The area's redevelopment masterplan, designed by MASAAI Studio, articulates through different progress stages over a ten-year period and envisages the recovery and reuse of existing buildings, the construction of a new farm centre, the placement of tents for glamping and pitches for camper vans and the design of new cycle-pedestrian and thematic routes within the area.
The “Locanda Case Vecie” is the first intervention within the programme. The project regards the renovation of the original rural building, according to an approach that enriches the typological and figurative features of the historic building, entirely preserved and valorized, with a contemporary lexicon in materials and technologies related to wine production.
The external stone walls, restored and left unaltered, reveal the historical stratification and enclose spacious and luminous rooms inside, as a result of a careful revision of the layout and of structural and technical systems engineering interventions to upgrade the building and improve microclimatic wellbeing (from the consolidation of the foundations, to the creation of a new cellar excavated in the rock, to the integration of all systems and the creation of a thermo-insulated internal perimeter envelope). The ground floor houses a tavern with a kitchen, workspaces, a wine bar and a tasting and sales room.
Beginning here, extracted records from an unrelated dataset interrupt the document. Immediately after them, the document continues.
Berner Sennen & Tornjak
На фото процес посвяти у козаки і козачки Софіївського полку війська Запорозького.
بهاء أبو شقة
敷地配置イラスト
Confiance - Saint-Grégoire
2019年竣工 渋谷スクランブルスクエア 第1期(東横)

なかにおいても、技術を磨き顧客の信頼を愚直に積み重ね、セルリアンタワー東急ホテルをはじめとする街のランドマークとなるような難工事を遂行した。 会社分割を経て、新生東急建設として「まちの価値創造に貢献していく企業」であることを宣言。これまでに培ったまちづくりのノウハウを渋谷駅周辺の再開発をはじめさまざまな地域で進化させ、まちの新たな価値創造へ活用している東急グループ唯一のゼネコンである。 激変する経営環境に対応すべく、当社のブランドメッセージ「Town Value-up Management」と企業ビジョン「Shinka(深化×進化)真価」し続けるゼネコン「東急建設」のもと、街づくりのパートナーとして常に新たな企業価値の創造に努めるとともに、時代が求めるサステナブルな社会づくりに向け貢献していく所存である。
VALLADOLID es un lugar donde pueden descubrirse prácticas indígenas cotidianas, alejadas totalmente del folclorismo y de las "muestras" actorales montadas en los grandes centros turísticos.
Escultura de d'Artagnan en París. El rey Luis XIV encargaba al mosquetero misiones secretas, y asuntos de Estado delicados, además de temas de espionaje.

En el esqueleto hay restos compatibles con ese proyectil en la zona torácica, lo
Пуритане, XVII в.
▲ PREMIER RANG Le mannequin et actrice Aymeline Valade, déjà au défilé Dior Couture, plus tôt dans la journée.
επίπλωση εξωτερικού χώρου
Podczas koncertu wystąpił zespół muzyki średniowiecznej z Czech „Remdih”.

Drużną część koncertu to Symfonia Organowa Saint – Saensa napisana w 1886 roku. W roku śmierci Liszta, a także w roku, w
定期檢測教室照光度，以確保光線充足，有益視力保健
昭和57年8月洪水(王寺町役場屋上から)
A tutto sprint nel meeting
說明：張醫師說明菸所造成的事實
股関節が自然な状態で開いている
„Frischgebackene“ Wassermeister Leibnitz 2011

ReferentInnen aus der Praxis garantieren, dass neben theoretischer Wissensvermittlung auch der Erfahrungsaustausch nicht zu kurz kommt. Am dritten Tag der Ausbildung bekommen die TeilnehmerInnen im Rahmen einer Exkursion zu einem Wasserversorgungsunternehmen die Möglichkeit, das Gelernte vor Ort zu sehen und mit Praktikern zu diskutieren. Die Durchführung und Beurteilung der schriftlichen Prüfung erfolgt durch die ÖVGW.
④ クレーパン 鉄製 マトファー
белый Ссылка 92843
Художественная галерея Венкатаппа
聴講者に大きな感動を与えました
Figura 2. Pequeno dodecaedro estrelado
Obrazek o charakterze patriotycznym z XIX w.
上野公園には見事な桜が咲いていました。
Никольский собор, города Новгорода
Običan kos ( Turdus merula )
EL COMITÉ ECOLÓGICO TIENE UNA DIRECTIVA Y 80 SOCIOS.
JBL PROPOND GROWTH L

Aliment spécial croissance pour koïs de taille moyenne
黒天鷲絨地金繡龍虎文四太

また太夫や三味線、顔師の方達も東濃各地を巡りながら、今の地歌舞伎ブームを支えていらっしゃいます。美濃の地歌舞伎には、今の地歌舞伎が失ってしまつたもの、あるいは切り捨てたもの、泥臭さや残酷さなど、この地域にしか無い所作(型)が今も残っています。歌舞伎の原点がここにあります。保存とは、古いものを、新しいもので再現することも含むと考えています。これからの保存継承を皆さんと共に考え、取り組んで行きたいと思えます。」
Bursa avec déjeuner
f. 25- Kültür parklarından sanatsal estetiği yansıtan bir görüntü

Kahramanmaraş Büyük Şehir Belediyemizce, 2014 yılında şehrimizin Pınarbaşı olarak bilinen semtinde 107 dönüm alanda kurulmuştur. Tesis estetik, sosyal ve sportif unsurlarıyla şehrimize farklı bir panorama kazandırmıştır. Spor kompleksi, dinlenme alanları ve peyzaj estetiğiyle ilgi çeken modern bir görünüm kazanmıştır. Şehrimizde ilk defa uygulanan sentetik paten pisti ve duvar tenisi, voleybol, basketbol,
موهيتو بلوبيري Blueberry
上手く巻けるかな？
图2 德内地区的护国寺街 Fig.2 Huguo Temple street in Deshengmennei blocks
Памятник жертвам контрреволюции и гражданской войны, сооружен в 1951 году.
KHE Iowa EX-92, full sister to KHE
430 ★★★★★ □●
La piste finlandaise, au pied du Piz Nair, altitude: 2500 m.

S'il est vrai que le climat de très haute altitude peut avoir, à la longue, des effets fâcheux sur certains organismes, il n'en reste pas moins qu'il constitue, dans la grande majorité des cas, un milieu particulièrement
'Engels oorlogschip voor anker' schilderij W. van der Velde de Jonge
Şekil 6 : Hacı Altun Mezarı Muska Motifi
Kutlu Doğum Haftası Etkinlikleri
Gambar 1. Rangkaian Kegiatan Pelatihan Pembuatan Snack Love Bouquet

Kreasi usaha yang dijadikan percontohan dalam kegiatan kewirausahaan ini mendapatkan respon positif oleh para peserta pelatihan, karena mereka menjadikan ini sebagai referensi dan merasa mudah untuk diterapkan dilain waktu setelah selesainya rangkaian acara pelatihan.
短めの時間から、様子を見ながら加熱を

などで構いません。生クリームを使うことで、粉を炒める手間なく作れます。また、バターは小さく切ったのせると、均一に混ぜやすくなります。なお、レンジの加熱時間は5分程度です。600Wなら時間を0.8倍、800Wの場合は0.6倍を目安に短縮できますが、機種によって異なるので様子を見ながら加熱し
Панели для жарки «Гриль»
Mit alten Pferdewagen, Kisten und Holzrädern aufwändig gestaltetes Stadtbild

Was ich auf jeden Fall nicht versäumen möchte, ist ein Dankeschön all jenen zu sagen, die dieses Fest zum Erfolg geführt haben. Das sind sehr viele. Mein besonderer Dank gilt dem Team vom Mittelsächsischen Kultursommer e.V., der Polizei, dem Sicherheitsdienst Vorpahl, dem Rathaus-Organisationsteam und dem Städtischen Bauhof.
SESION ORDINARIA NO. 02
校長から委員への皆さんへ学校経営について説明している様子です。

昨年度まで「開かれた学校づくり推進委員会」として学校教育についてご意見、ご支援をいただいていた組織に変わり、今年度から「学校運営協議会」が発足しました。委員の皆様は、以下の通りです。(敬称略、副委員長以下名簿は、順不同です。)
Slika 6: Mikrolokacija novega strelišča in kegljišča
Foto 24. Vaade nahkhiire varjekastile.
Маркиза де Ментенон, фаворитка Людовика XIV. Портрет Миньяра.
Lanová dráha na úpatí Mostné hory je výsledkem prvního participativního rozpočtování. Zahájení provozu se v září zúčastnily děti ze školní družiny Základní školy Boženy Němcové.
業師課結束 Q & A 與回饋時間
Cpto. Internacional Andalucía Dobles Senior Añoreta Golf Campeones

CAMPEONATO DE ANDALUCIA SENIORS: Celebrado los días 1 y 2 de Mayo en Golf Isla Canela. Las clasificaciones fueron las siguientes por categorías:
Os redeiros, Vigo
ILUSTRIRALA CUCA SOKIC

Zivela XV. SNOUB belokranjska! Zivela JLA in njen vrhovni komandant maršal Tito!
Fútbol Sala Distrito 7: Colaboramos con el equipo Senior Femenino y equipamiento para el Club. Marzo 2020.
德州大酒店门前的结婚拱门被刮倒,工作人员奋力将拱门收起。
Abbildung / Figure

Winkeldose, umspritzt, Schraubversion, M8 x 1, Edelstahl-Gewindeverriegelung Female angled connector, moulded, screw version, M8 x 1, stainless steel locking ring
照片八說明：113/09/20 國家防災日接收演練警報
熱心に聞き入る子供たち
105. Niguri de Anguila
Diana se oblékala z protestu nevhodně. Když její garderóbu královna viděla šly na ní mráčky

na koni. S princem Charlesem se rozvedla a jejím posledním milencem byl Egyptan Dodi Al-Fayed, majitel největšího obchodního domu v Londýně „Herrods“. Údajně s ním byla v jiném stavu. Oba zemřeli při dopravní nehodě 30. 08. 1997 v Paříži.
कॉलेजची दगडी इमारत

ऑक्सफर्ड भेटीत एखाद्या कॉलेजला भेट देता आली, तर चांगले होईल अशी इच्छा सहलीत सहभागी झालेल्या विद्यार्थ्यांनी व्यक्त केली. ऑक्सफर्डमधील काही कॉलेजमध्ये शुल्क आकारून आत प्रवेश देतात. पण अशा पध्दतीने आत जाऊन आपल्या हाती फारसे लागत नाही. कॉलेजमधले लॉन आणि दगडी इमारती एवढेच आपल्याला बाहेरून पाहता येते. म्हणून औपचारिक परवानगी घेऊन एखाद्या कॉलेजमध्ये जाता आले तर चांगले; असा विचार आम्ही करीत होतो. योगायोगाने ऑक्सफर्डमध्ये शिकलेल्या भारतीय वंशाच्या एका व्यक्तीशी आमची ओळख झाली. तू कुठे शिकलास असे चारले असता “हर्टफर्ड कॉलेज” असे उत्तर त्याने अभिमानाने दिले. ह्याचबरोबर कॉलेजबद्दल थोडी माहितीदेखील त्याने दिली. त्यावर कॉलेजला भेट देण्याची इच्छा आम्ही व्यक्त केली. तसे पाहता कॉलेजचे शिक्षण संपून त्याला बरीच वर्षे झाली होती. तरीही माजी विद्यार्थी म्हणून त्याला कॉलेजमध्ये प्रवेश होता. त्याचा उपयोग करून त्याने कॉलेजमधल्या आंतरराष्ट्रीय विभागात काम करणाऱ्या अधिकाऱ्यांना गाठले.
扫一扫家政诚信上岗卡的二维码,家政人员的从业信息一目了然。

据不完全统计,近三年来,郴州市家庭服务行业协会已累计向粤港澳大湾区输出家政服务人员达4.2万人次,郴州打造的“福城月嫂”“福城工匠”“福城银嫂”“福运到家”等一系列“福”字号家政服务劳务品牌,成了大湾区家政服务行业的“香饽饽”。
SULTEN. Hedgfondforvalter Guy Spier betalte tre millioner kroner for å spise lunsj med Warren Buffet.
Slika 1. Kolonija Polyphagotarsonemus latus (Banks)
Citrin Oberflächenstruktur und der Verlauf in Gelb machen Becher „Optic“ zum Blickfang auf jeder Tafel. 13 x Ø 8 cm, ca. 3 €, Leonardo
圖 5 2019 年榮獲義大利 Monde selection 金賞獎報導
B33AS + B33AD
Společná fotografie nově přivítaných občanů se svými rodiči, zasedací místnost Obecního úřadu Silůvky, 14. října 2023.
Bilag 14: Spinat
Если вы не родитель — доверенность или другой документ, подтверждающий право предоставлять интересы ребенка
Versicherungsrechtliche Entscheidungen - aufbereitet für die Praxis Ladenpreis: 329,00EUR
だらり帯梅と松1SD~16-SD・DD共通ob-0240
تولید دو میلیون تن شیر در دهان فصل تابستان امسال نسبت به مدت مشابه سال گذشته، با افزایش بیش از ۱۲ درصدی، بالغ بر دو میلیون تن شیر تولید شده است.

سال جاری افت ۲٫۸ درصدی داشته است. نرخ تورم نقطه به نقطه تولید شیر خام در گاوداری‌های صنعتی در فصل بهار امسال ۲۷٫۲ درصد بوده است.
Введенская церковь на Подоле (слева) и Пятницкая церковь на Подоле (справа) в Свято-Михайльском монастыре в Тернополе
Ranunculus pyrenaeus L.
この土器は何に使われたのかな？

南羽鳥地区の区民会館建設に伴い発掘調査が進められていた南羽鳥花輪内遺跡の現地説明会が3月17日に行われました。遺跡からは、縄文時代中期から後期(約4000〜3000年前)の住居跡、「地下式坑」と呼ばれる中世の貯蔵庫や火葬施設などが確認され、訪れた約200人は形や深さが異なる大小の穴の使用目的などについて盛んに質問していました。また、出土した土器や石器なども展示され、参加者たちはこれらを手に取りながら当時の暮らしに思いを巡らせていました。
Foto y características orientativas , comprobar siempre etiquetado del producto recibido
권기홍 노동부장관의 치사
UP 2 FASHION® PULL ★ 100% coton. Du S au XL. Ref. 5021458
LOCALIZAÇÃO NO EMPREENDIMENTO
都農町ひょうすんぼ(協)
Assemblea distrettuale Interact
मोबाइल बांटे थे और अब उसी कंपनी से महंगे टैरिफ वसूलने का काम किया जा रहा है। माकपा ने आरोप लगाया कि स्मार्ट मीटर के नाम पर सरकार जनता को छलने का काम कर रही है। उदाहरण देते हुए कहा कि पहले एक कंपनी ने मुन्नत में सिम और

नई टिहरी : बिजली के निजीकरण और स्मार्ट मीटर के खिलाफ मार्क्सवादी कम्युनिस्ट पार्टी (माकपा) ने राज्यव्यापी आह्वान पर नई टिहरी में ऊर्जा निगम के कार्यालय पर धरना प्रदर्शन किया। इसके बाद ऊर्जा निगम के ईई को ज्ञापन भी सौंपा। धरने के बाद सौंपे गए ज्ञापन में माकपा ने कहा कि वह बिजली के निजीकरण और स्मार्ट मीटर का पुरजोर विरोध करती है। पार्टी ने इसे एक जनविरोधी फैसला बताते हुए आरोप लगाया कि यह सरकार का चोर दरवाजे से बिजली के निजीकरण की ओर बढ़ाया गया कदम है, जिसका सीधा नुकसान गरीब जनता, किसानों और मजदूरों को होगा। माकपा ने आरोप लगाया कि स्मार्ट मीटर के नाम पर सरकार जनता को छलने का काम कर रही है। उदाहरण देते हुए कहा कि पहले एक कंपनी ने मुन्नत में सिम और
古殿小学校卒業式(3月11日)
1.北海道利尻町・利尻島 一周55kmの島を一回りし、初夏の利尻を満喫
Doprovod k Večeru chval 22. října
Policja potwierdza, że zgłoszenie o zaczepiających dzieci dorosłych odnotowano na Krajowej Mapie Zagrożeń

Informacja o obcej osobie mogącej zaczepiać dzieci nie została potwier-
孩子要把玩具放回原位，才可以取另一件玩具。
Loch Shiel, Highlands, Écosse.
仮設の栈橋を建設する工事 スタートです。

On the first and second floors, there are two new independent appartments and, in the former fruit cellar on the first floor (traditionally used for outdoor drying of grapes), a double-height event room with mezzanine.
In the interior, a homely and cosy atmosphere characterises the spaces, where the original stone walls, tuff cornices and lime-based plaster are combined with the typical materials of the wine cellar, such as reinforced glass and galvanised iron for the wine counter, laminated fir wood for the roofing, and industrial concrete for the floors, in a lively dialogue between historical seasons and functional programmes.